Advanced bg Robertie( read all of them)
Reno 86
4. Bg with the champions ----- Goulding
This will take me a year, but do you agree with this, where can I get these
books
Thanks
Tom
Albert Steg (Winsor)
In a previous article, fah...@fnald0.fnal.gov () says:
>
>I would like some helpful advice on what bg books I should read and. . .
>1. backgammon - magriel (the best 1st solid book, where can I get it)
> or backgammon handbook (read if can't find the bible)
>
>2. world class bg- Friedman
>
>3. Genuk vs dwek
> Advanced bg Robertie( read all of them)
> Reno 86
>
>4. Bg with the champions ----- Goulding
These look like good books for you to be learning from at this point.

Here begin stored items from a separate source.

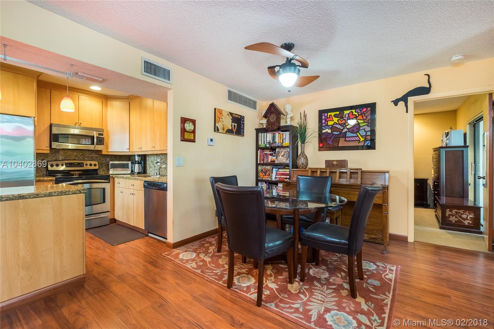 GORGEOUS 2ND FLOOR CORNER CONDO WITH POOL VIEW! MATURE LANDSCAPING PROVIDES DYNAMIC GROUNDS APPEAL! OPEN ENTRY WITH CHARMING BAY WINDOW! OPEN REMODELED KITCHEN WITH 42 INCH WOOD CABINETS, GRANITE COUNTERS & BACKSPLASH WITH UPGRADED STAINLESS APPLIANCES OPENS TO LIVING/DINING ROOM! LARGE SCREENED BALCONY WITH LAUNDRY CLOSET & FRONT LOADING MACHINES! CEILING FANS, WALK-IN CLOSET, ALARM, NEW CENTRAL A/C, ACCORDION STORM SHUTTERS ADD TO THE VALUE! SHOW & SELL THIS WINNER!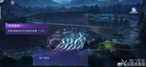 2、然后去调查上方的紫色“身手”,还有桥下左侧“观察”,河流右侧“观察,河流左侧,桥脚下那片房屋,把这些线索都拿到;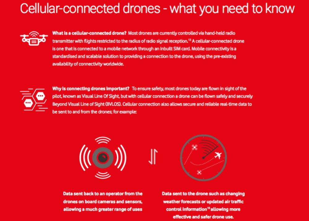 Cellular connection would also facilitate a necessary Unmanned Traffic Management system to monitor drone identity, location and flight plan authorisation, as well as enable dynamic no-fly zones, Vodafone argues.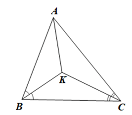 Xét tam giác ABC có hai tia phân giác của góc B và góc C cắt nhau tại K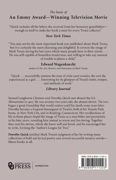 Samuel Langhorne Clemens and Dorothy Quick met aboard the S. S. Minnetonka in 1907. He was seventy-two years old, she almost eleven. The two began a great friendship that would endure until his death some years later. Dorothy became a frequent houseguest of Twain's, both at his Tuxedo Park home, in New York City, and in Redding Connecticut. Her recollections of life in those places dispel the image of Twain as a man bitter and pessimistic in his later years, revealing him instead as warm and fun-loving. Together they read his stories, which she knew well and loved, and he encouraged her to write, forming the ""Author's League for Two.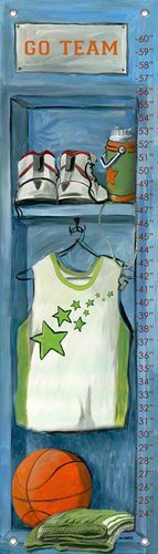 Track your little all-star's height with this basketball locker growth chart. It's stocked with all the gear your little athlete needs for the big game. Score. Our kid's growth charts are created on the same artist's canvas as our stretched wall art. Grommets placed in the four corners make them easy to hang. We provide color coordinated decorative covers that easily fit over the screw or nail you choose. This product creates a great childhood keepsake, and rolls up easily for safe storage. The growth chart can be wiped clean with a soft, dry or slightly damp cloth and should it wrinkle, the backside may be ironed on a low setting with light steam. A permanent marker (not included) is a great way to mark dates or ages on the chart.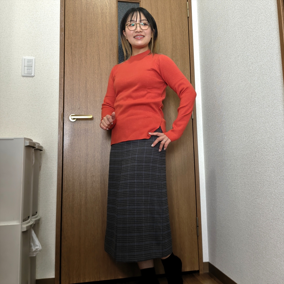 まずはラメ入りニット×チェック柄スカート。うんうん、悪くない!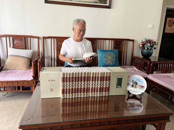 2022年6月,李瑞周在翻看新发行的《玛纳斯》全套十八卷中文版。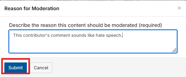 Enter a note which explains why you've marked the comment as inappropriate, then submit.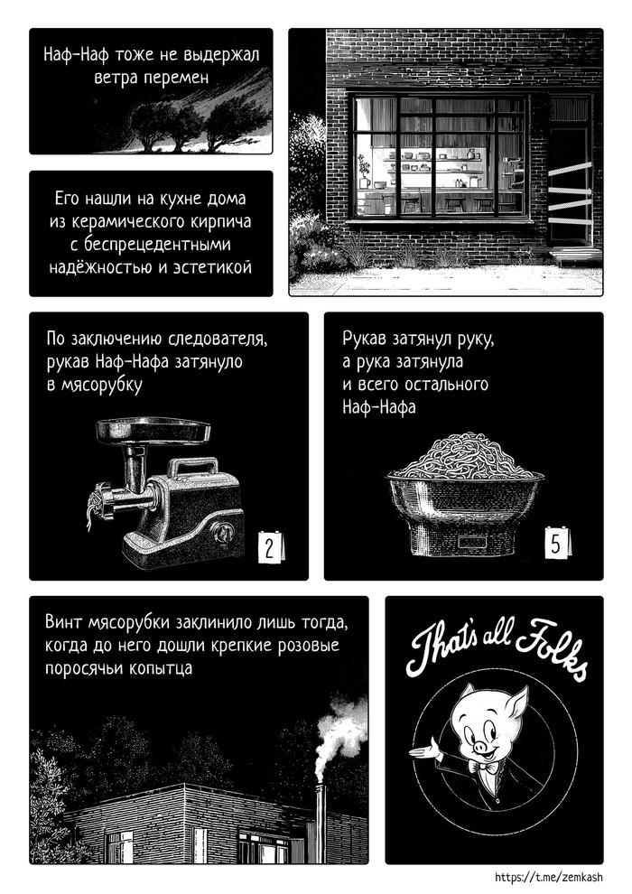 — Котлеты из человечины? — невозмутимо чавкая, спросила полячка.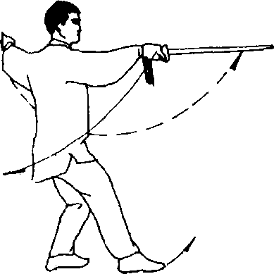 (4)以两脚掌为轴,上体向右后方拧转,成顺三体式步;同 时右手持剑转肩旋臂向前立刃穿刺,剑尖向前,高与肩平;左剑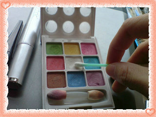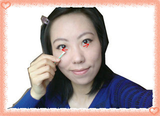 刚才将到1/3,现在我们说下剩下的2/3,为了让眼睛有神,这2/3可以用白色带点珠光的眼影,或者眼线笔来完成。我今天是直接用棉签沾眼影粉,因为可以比较方便的和前面提到的黑眼线混和,不那么突兀。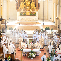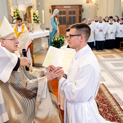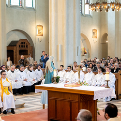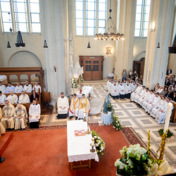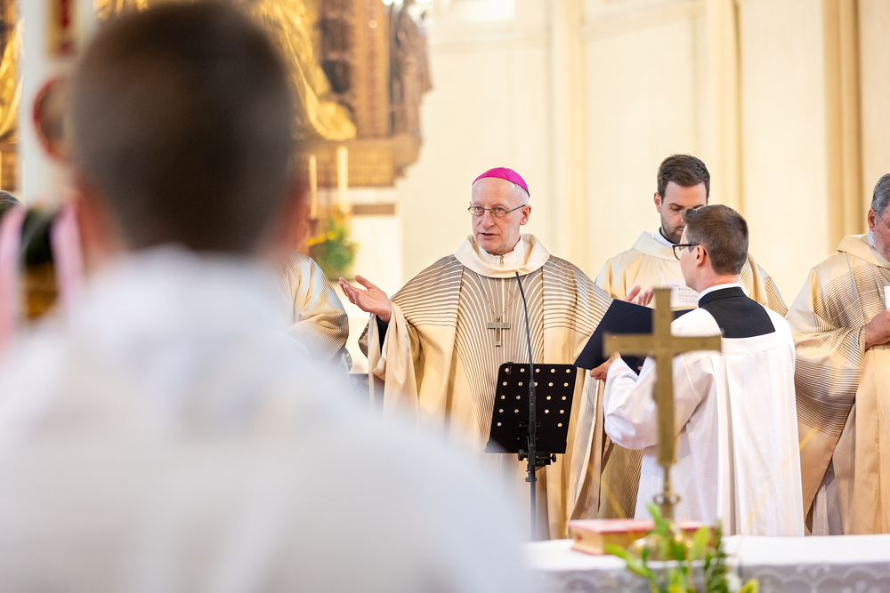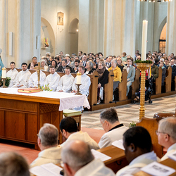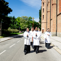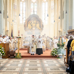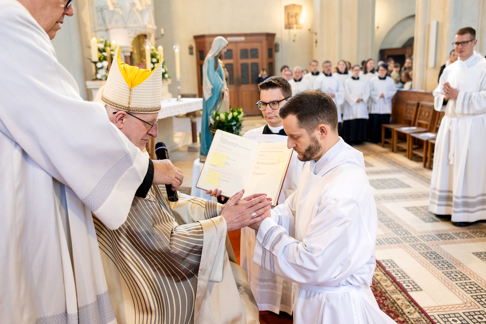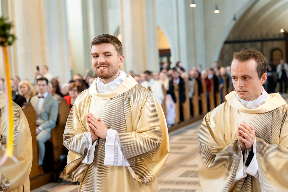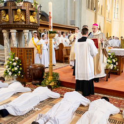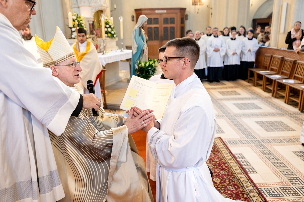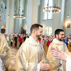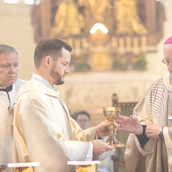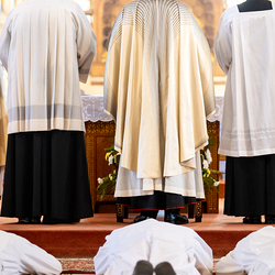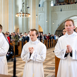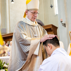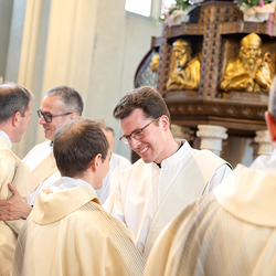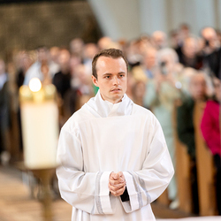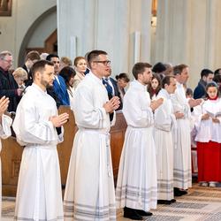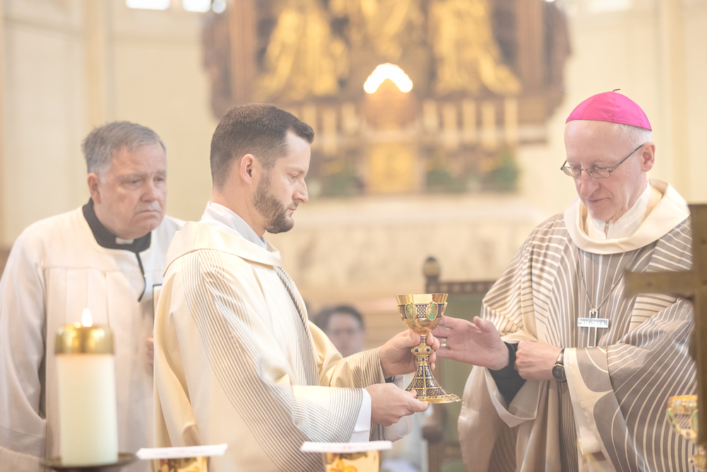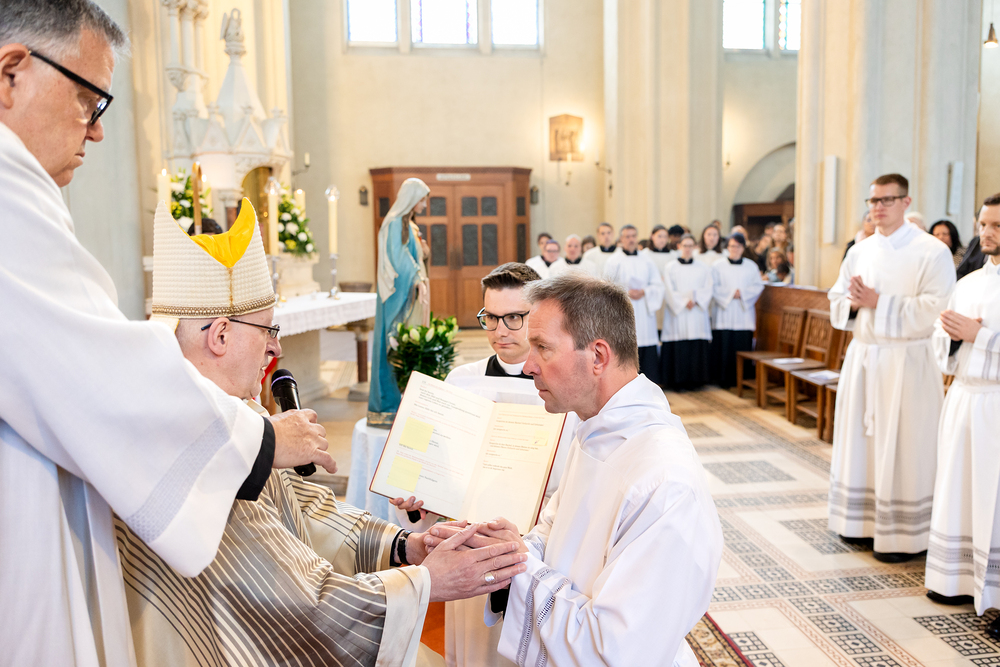 Am 10. Mai weihte Weihbischof Franz Scharl in der Pfarrkirche St. Leopold Donaufeld sieben Männer zu Diakonen für die Erzdiözese Wien. Die Kandidaten kommen aus verschiedenen Gemeinschaften: drei aus dem Wiener Priesterseminar, einer aus dem Benediktinerpriorat St. Josef in Maria Roggendorf und drei aus dem diözesanen Missionskolleg „Redemptoris Mater". Manuel Rennhofer, Joachim Loshehand und Julius Moses Münzer kommen aus dem Wiener Priesterseminar, P. Leo Maria Zehetgruber gehört dem Benediktinerpriorat St. Josef in Maria Roggendorf an drei weitere Kandidaten stammen aus dem diözesanen Missionskolleg „Redemptoris Mater“. Diese Vielfalt unterstreicht die Breite der geistlichen Berufungen in der Erzdiözese. Wir waren mit der Kamera dabei.

Magriel's book is hard but not impossible to find these days. Much depends
on where you live. Try your local used book stores, where if you find one
it may cost as little as $10. I've only ever found one in Boston over the
past few years. Otherwise, you'll have to pay much more from someone who
traffics in used BG books, and it will cost somewhere between $70-$100,
probably. Perhaps, though, some player will be willing to part with it more
cheaply! (There are libraries, too. . .).
I've enjoyed buying occasional items from Carol Joy Cole, who runs the
_Flint Area Backgammon News_. Contact her and ask for her used/rare book
list.
Carol Joy Cole
3003 Ridgecliffe Drive
Flint, MI 48532-3730
Phone/Fax: 810/232-9731
Carol Joy's newsletter has a full page menu of books & equipment every other
issue. She does carry the Kleinman books and some of the Robertie books,
too, so she may be your "all-purpose" merchant.
You can get the Robertie material and a nice catalog of various books and
equipment from Robertie himself at the following address:
The Gammon Press
P.O. Box 294
Arlington, MA 02174
tel. 617-641-2091
Fax: 617-641-2660
Whether or not it would be worth your money buying Magriel may depend on the
strength of your game *and* your ability to explain the reasons why you
make the moves you do. I played for many years before "studying" the game,
and worked up a pretty good understanding of concepts like "timing" without
ever being able to articulAte them clearly. When I finally read Magriel I
didn't learn many shockingly new tactics, but I did consolidate the things
I had learnd up to that point. So for me, that book didn't immediately
change my play, but it did lay the bedrock for my future studies. I'm sure
I've won much more than $100 thanks to that book, and I've known players who
could have saved themselves a lot of expensive "practical learning" by just
shelling out and studying it to begin with.
Hope this info. is useful to you.
Albert
P.S. --There may well be other sources for these materials out there. These
are the sources that I've used, though. I hope other people will post
further on this.
--
"When it was proclaimed that the Library contained all books,the
first impression was one of extravagant happiness. All men felt
themselves to be the masters of an intact and secret treasure.
-Jorge Luis Borges, "The Library of Babel"
Bob Johnson x6152
Hmmmm. Suppose no one doubles for awhile, since the game
seems about even.
Later, my opponent has a miracle roll, or maybe I roll something bad.
Suppose my opponent suddenly has more than 70% advantage; I can drop a
cube, and have a chance to win the match. If, on the otherhand, the
cube was already at 2, then I might feel quite stupid for having doubled
early. I don't like feeling stupid. (I wonder if that measures in?)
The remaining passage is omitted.